Zudem sind vom Antragsteller auch die Voraussetzungen für das Vorliegen eines Anordnungsanspruchs und eines Anordnungsgrundes (Eilbedürftigkeit) nicht glaubhaft gemacht. Das Begehren des Antragstellers ist darauf gerichtet, einerseits die bisher aufgelaufenen Mietschulden als Darlehen und andererseits darlehensweise finanzielle Hilfe für die weiteren Mietzahlungen bis zu seiner Haftenlassung bis längstens 13.10.2016 zu erhalten. Wohl zutreffend ist das SG davon ausgegangen, dass der Antragsteller als Freigänger mit Erwerbseinkommen nicht von Leistungen nach dem SGB II ausgeschlossen ist und daher abhängig von der örtlichen Zuständigkeit entweder der Beigeladene zu 1. oder zu 2. bei Erfüllung der Voraussetzungen im Übrigen der zuständige Leistungsträger ist. Soweit einem Antragsteller auf Leistungen nach dem SGB II die Aufnahme eines konkreten Beschäftigungsverhältnisses erlaubt wird, kann er gemäß § 7 Abs. 4 Satz 3 Nr 2 SGB II wiederum leistungsberechtigt sein. Diese Rückausnahme gilt auch im Falle des Aufenthalts in einer Einrichtung zum Vollzug richterlich angeordneter Freiheitsentziehung (BSG, Urteil vom 24.2.2011 – B 14 AS 81/09 R –, SozR 4-4200 § 7 Nr 24, Rn. 25), wie vorliegend der Fall.

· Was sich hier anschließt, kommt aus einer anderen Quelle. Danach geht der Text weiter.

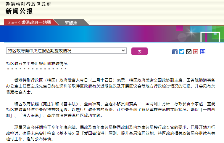 香港特区政府今天(2月14日)发布新闻公报称,特区政府感谢全国政协副主席、国务院港澳事务办公室主任夏宝龙日前在深圳听取特区政府有关近期施政及开展区议会等地方行政检讨情况的汇报,并会见有关香港社会人士。
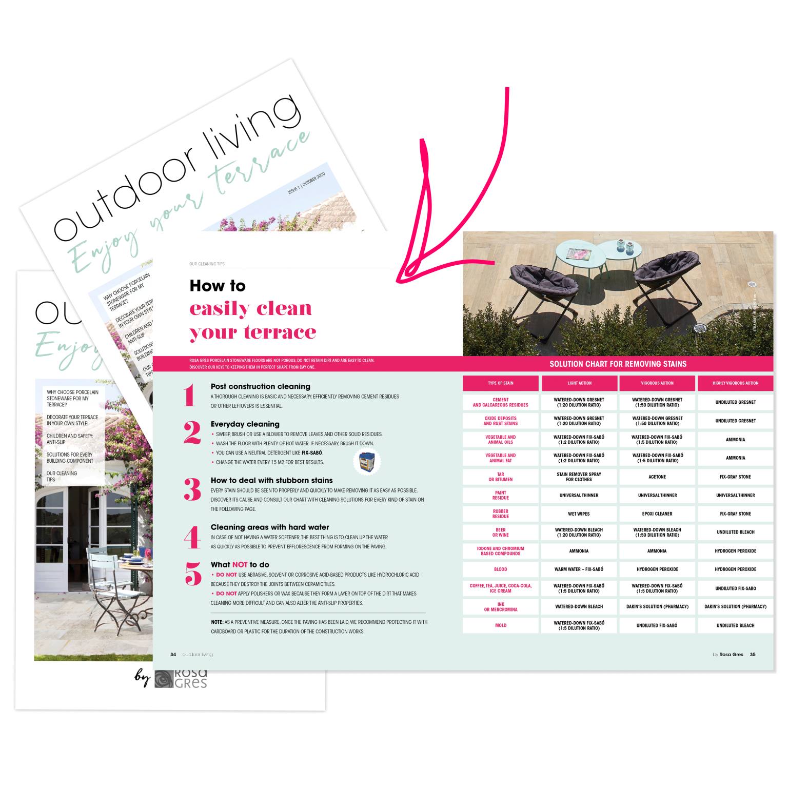 Если вы хотите узнать больше о том, как выбрать напольное покрытие для улицы, и познакомиться с решениями Rosa Gres для лестниц, дренажных каналов или стен более чем в 30 цветах, скачайте руководство "Жизнь на открытом воздухе". (https://rosagres.com/upload/magazine/outdoor-living.pdf) Оно поможет вам спроектировать, украсить и защитить вашу неповторимую террасу.
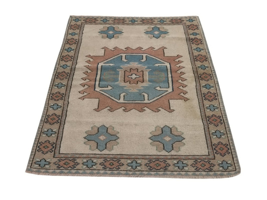 Neutral Handmade Vintage Rug , Ethnic Oushak rug , Anatolian Turkish Rug, Boho rug, Eclectic Rug, Small rug 3x5, Unique rug, Soft rug, 8655
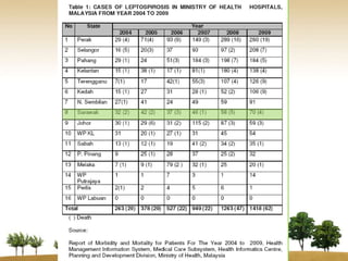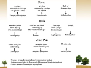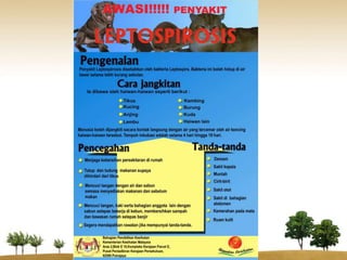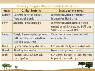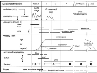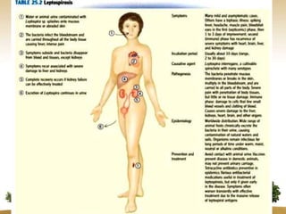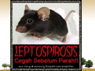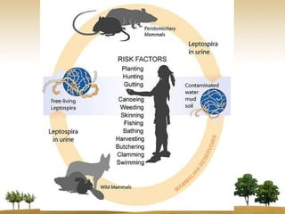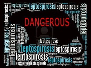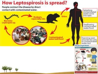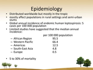 Leptospirosis is a bacterial disease caused by Leptospira interrogans that is distributed worldwide but mostly affects populations in rural and semi-urban areas. It is transmitted through contact with water or soil contaminated by infected animal urine. Clinical presentation varies from mild flu-like symptoms to severe disease affecting multiple organs. Diagnosis involves serological tests, culture or PCR. Treatment is with doxycycline or penicillin with supportive care for organ complications. Prevention focuses on rodent control, vaccination of animals, and avoiding contact with contaminated water sources.
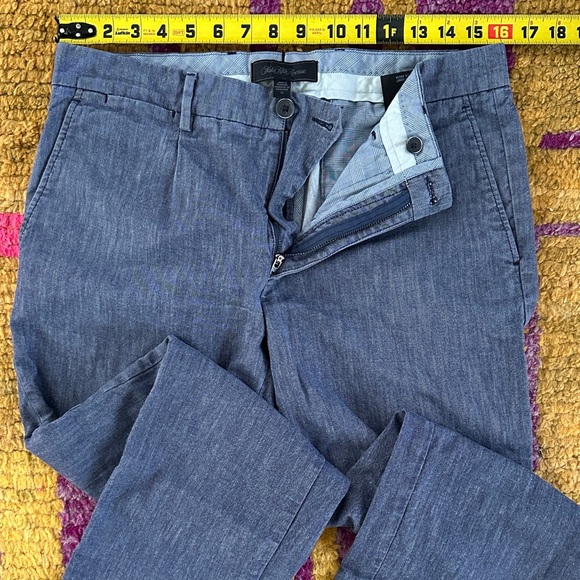 Stylish blue-gray trousers from Saks Fifth Avenue. Perfect for a refined appearance. Based on the tailoring, I would guess these were originally suit separates. They can be dressed up or down, they are chinos but can also look like a very expensive pair of jeans. Excellent used condition.
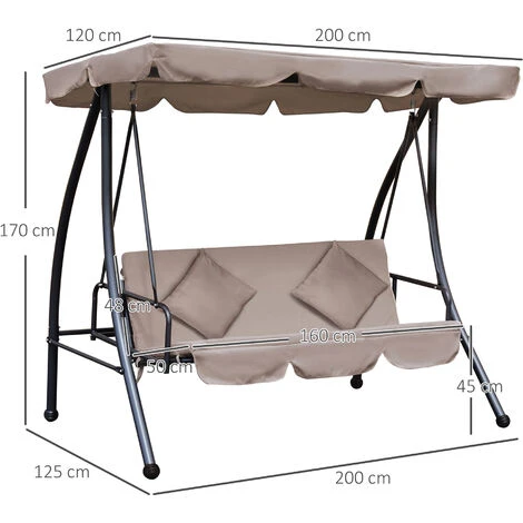 ¿Buscas un balancín para tu jardín? Este de Outsunny seguro que te gustará. Tiene capacidad para 3 personas, y cuenta con cojín entero de asiento y respaldo para mayor comodidad. Además, el respaldo se puede reclinar, convirtiéndose en una cómoda cama. La estructura es de acero tubular resistente y muy estable. El toldo incluido te permite ajustar el ángulo para protegerte del sol en los días más calurosos. Su elegante diseño combinará fácilmente con el estilo de tu jardín o terraza.
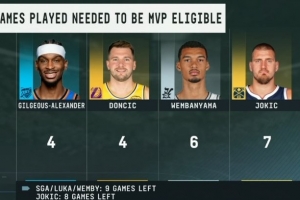 備注:亞歷山大、東契奇、文班亞馬所在球隊常規(guī)賽還剩9場,約基奇還剩8場
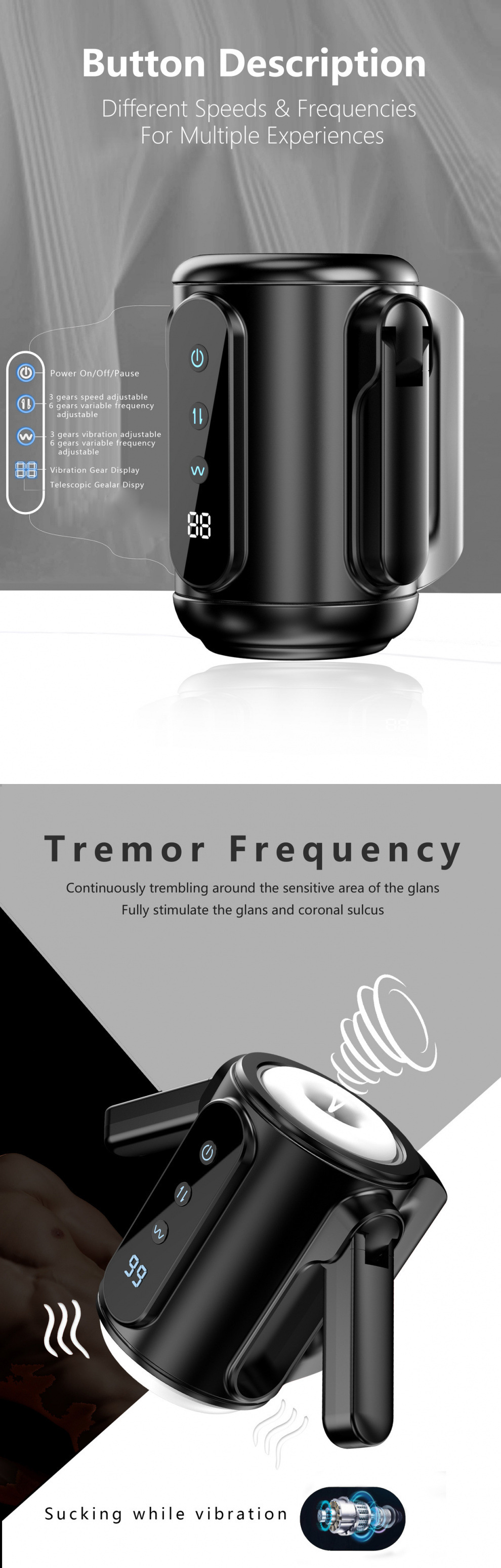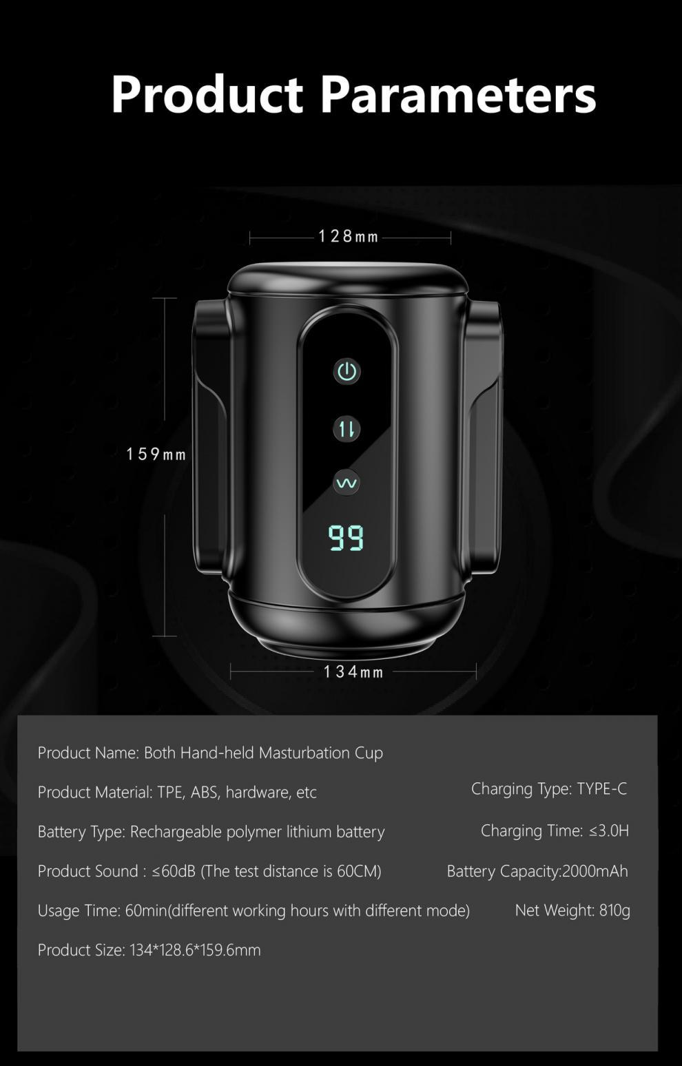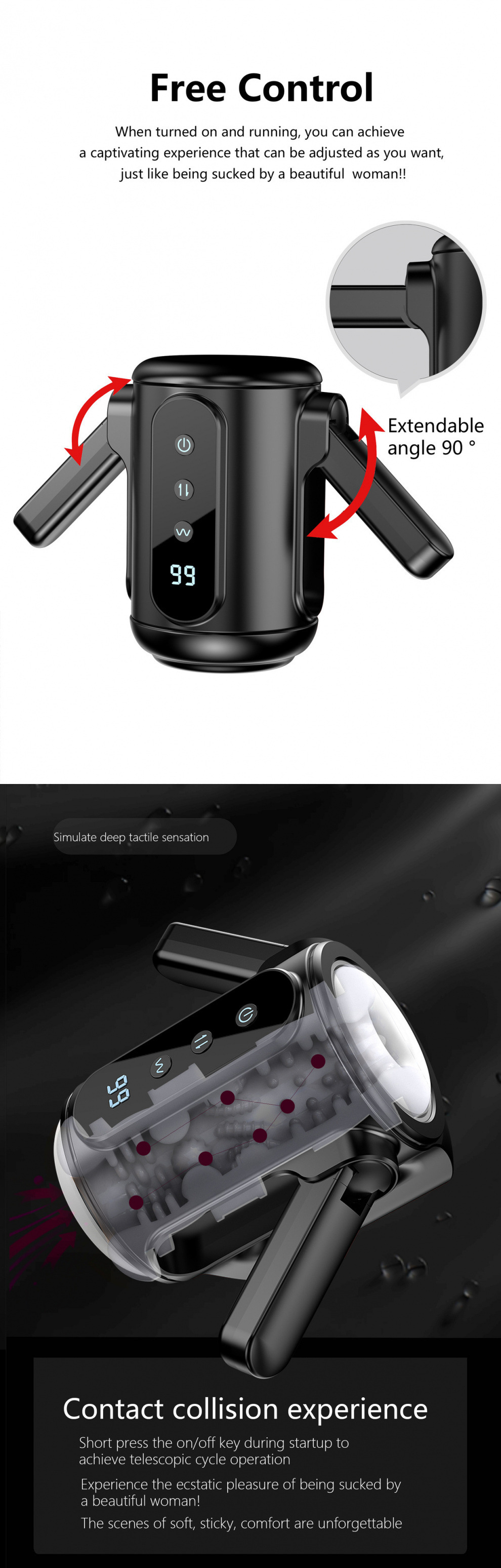 男性用ダブルハンドル飛行機カップ、全自動伸縮式振動LCDディスプレイオナニー大人用ロボット飛行機カップ
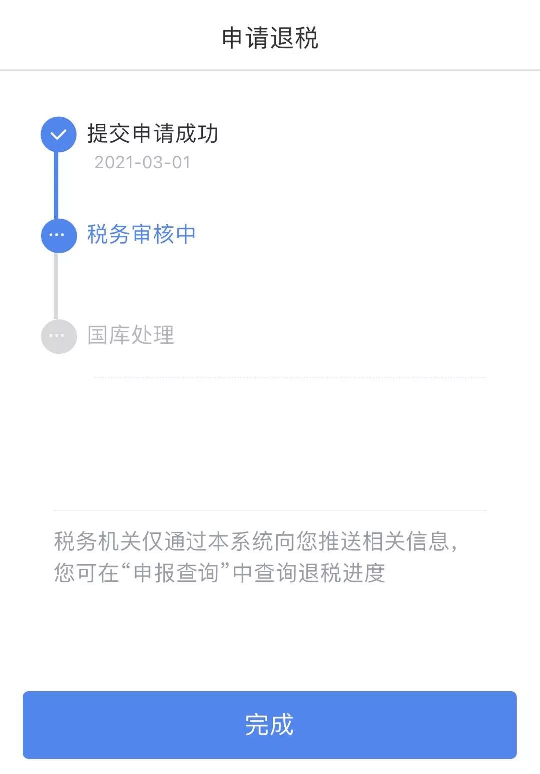 申報(bào)成功,如果退稅則跳轉(zhuǎn)到申報(bào)成功-退稅頁(yè)面,點(diǎn)擊申請(qǐng)退稅。選擇綁定的銀行卡,點(diǎn)擊確定即可。
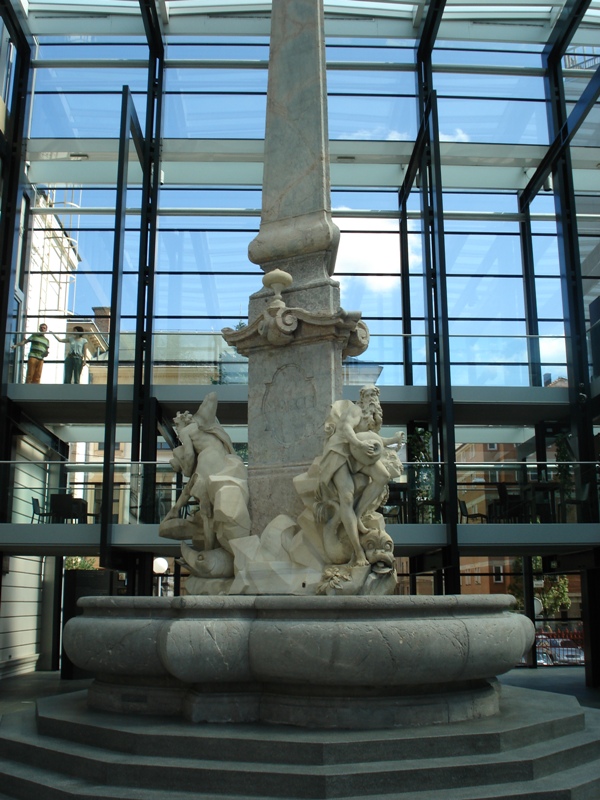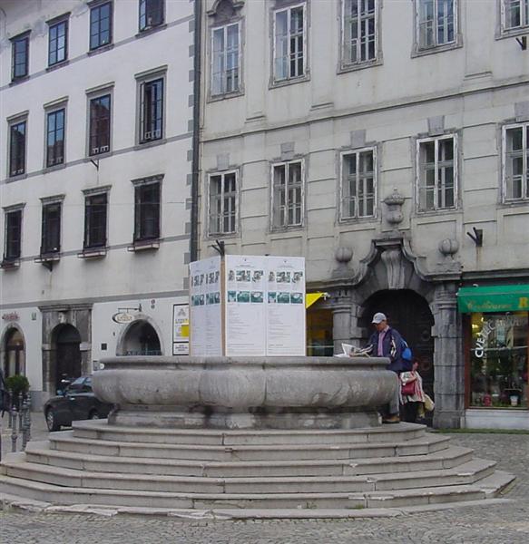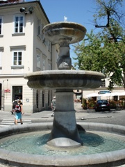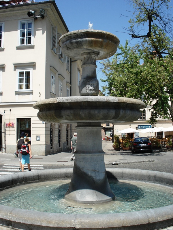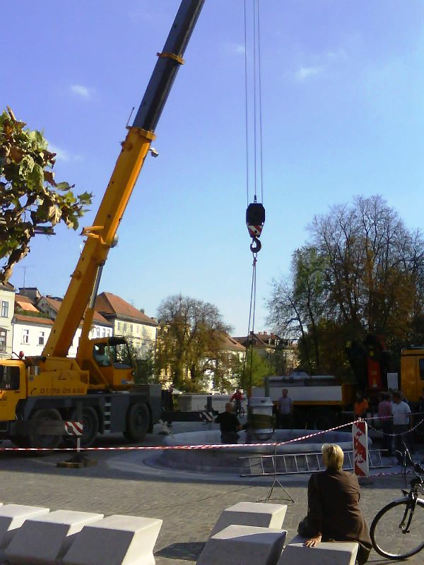 | Jeseni leta 2010 so zgornji del vodnjaka s Krekovega trga spet združili z obnovljenim na Novem Trgu. |
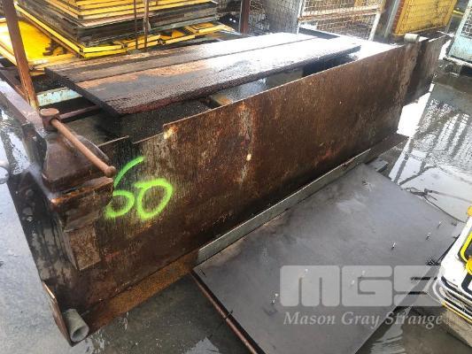 STEEL BENCH 2300 x 600mm WITH DAWN 6' BENCH VICE, PLUS STILLAGE OF REO BAR
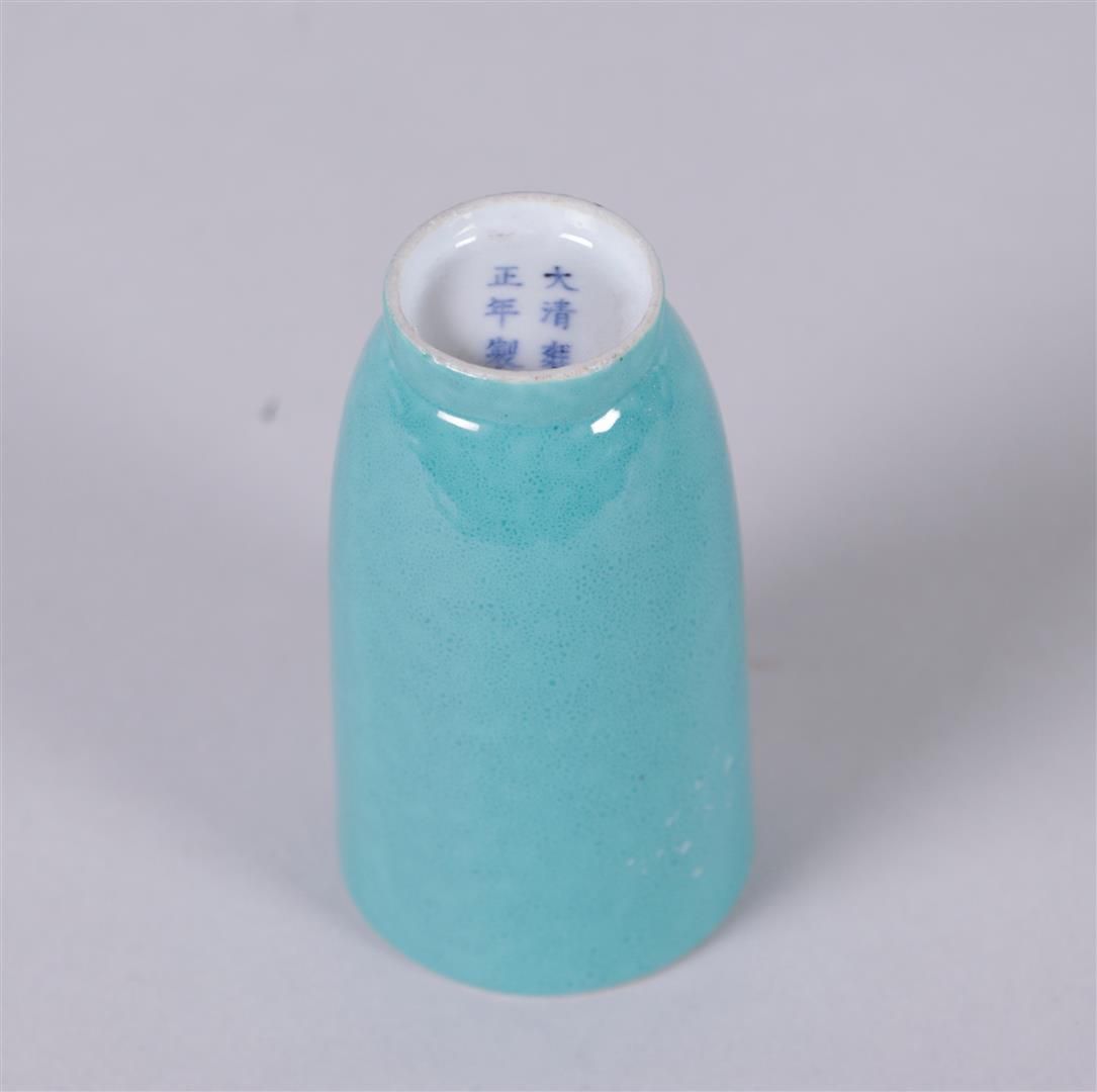 A green glazed high cup, marked Yongzheng. China, 20th century.H. 9 cm.
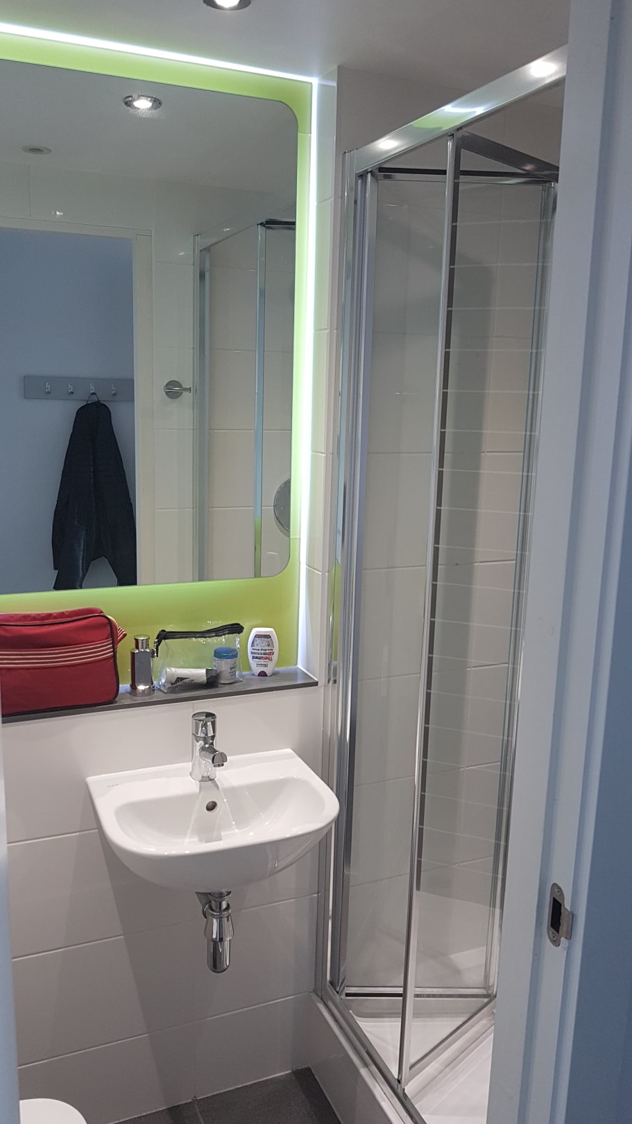 Das Badezimmer (WC, Waschbecken, Dusche) ist zwar ziemlich klein, aber sauber und modern. Licht und Lüfter werden durch Bewegungsmelder gesteuert, wobei die Nachlaufzeit deutlich kürzer sein könnte.
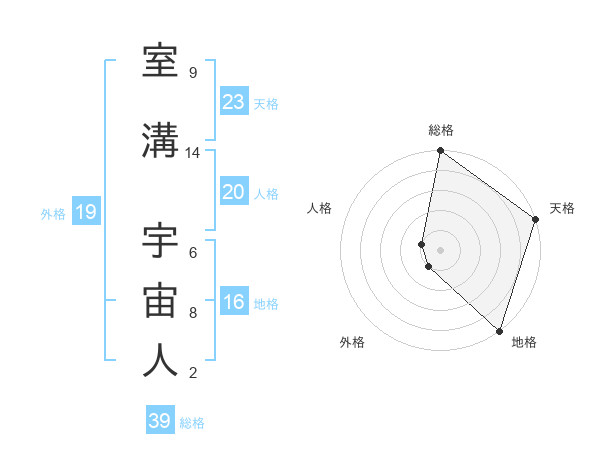 室溝 宇宙人さんを姓名の画数から五運を鑑定
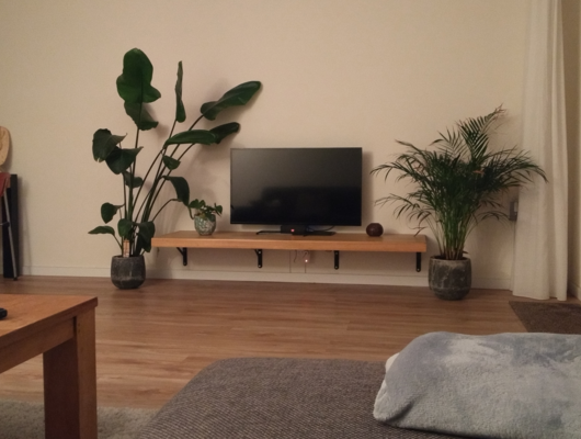 Aan de onderkant van de TV meubel wou ik een kleine plek hebben voor de bekabeling en mijn media center die op een Raspberry Pi draait. Hiermee zit alles mooi weggewerkt en uit het zicht.

Die Voraussetzungen für die Übernahme der Mietschulden im Wege der Eilentscheidung liegen jedoch nicht vor. Rechtsgrundlage für die Übernahme von Mietschulden ist § 22 Abs. 8 SGB II. Danach können auch Schulden übernommen werden, soweit dies zur Sicherung der Unterkunft oder zur Behebung einer vergleichbaren Notlage gerechtfertigt ist, sofern Arbeitslosengeld II für den Bedarf für Unterkunft und Heizung erbracht wird. Ausreichend ist - bei noch nicht vorliegender Entscheidung - ein Anspruch auf SGB II-Leistungen (Berlit in LPK-SGB II, 5. Aufl. § 22 Rn. 190). Dass der Beigeladene zu 1. bisher keine Leistungen für die Unterkunft erbringt, steht entgegen seiner Auffassung dem Anspruch nicht zwingend entgegen.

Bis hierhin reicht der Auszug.